_What you have to do_
Could you repeat exactly the lines below, from the line containing "the peaks. |" through the last one, both included, while leaving out any pictures?

_Input data_
BEGIN

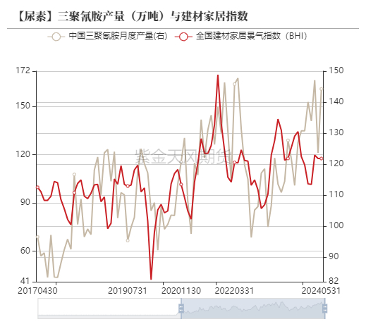 三聚氰胺和脲醛树脂的需求与房地产业高度相关,当前房屋新开工面积仍不理想,全国建材家居景气指数开始重新走低,因此2024年国内需求增幅仍较有限。
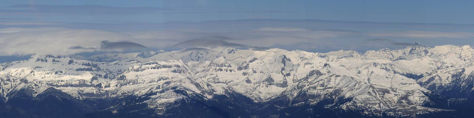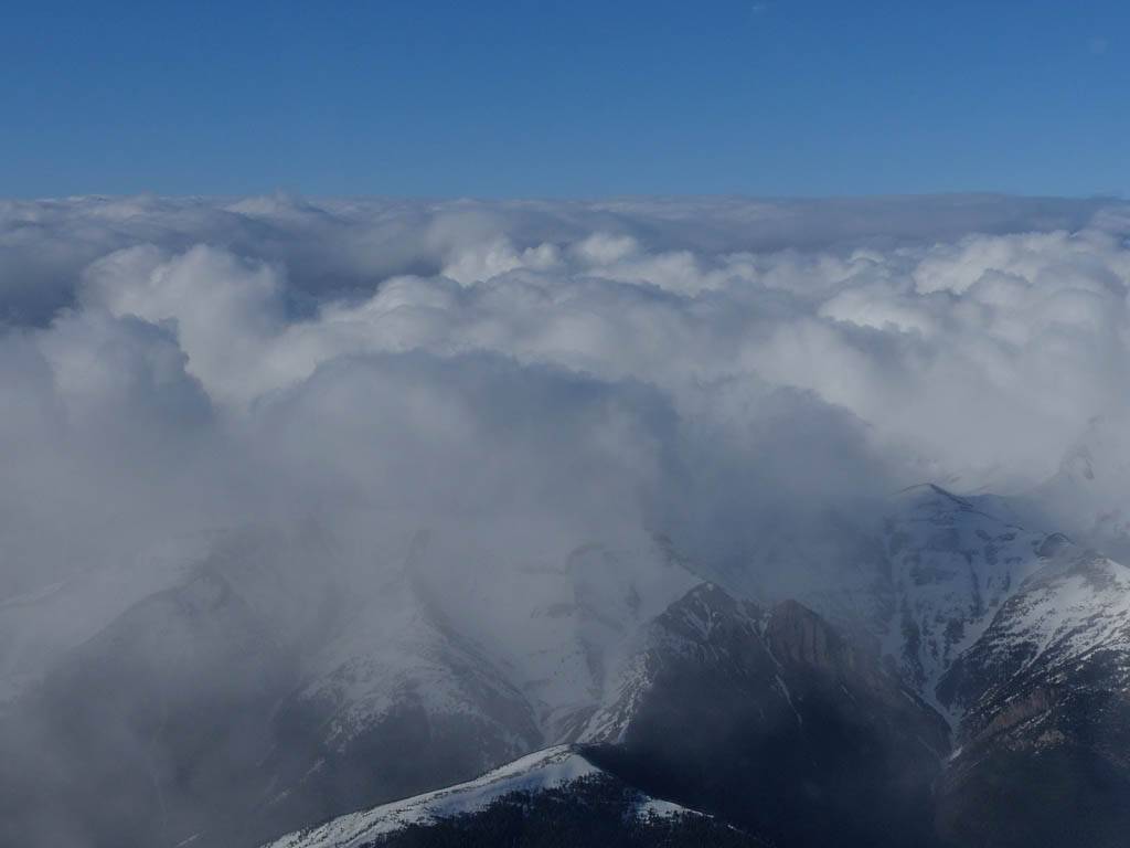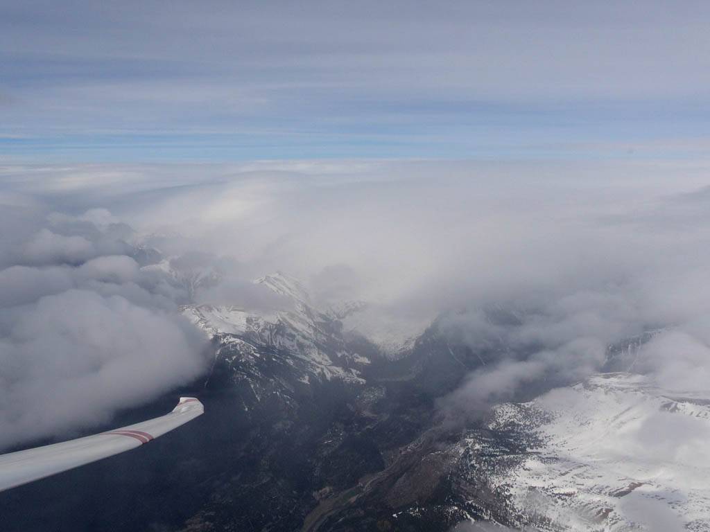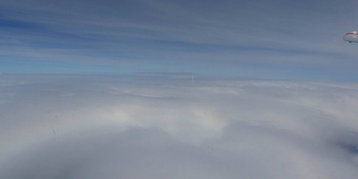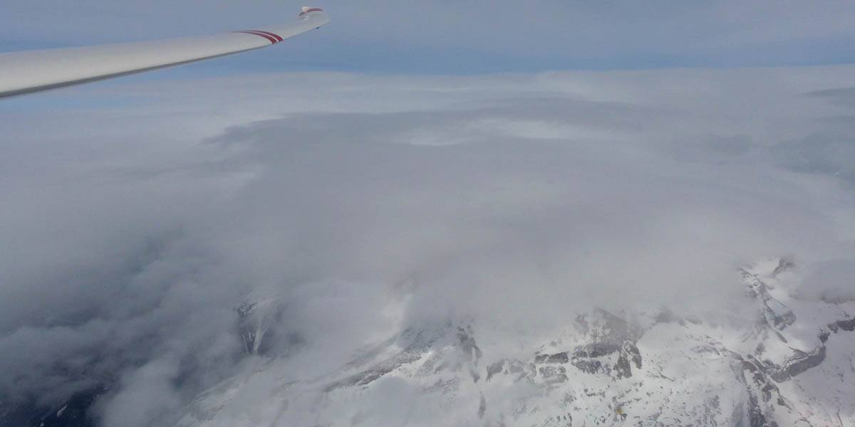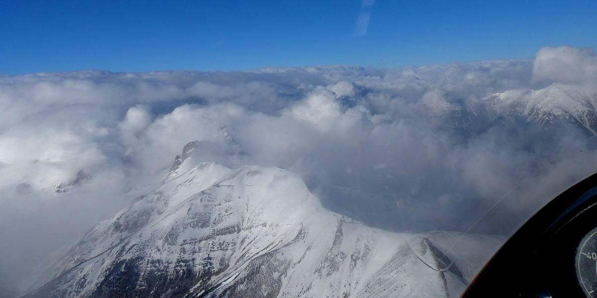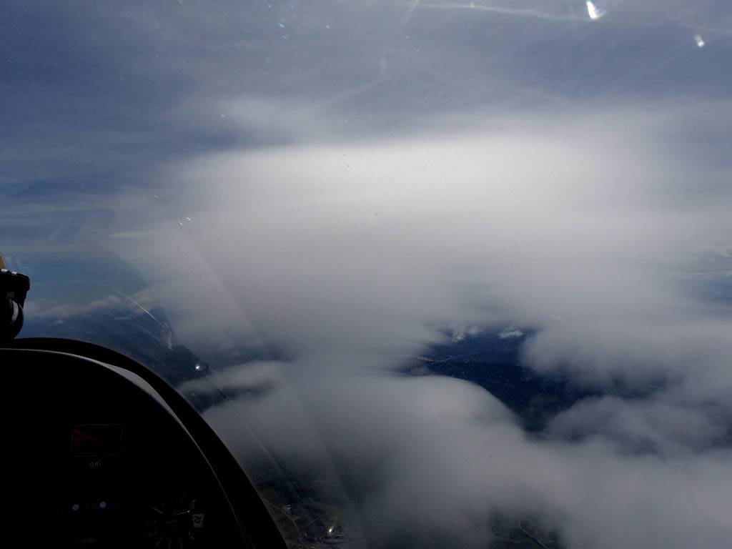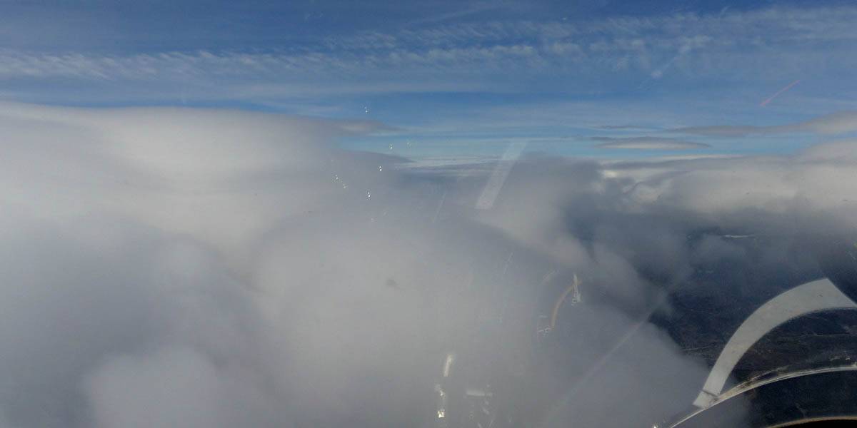 | 360 degree panorama as we climb towards FL195. | We did it! FL195. Still climbing at 4kts. | Up here we are well above the wave bars. | Thick cloud persists North of the peaks. |
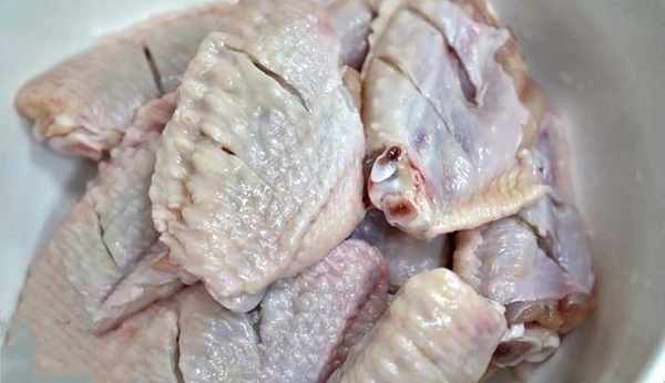 第一:在雞翅的兩面打上花刀,這樣醃雞翅的時候,會更入味(如果不打花刀的時候,雞翅得多醃一個小時,時間不到的話,雞翅就不入味)。
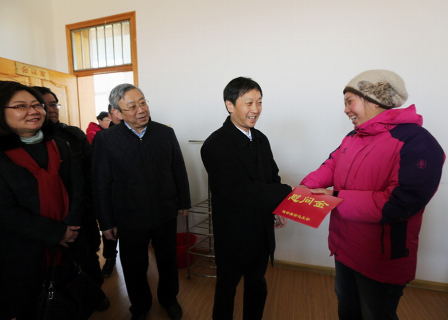 在慰问现场,市领导向困难劳模杨树庭和困难职工丁燕青,以及他们的家人表示新年的问候,详细了解他们家庭的生活困难和问题,并送上慰问金和慰问品。

END

_Answer space_
 | 360 degree panorama as we climb towards FL195. | We did it! FL195. Still climbing at 4kts. | Up here we are well above the wave bars. | Thick cloud persists North of the peaks. |
 第一:在雞翅的兩面打上花刀,這樣醃雞翅的時候,會更入味(如果不打花刀的時候,雞翅得多醃一個小時,時間不到的話,雞翅就不入味)。
 在慰问现场,市领导向困难劳模杨树庭和困难职工丁燕青,以及他们的家人表示新年的问候,详细了解他们家庭的生活困难和问题,并送上慰问金和慰问品。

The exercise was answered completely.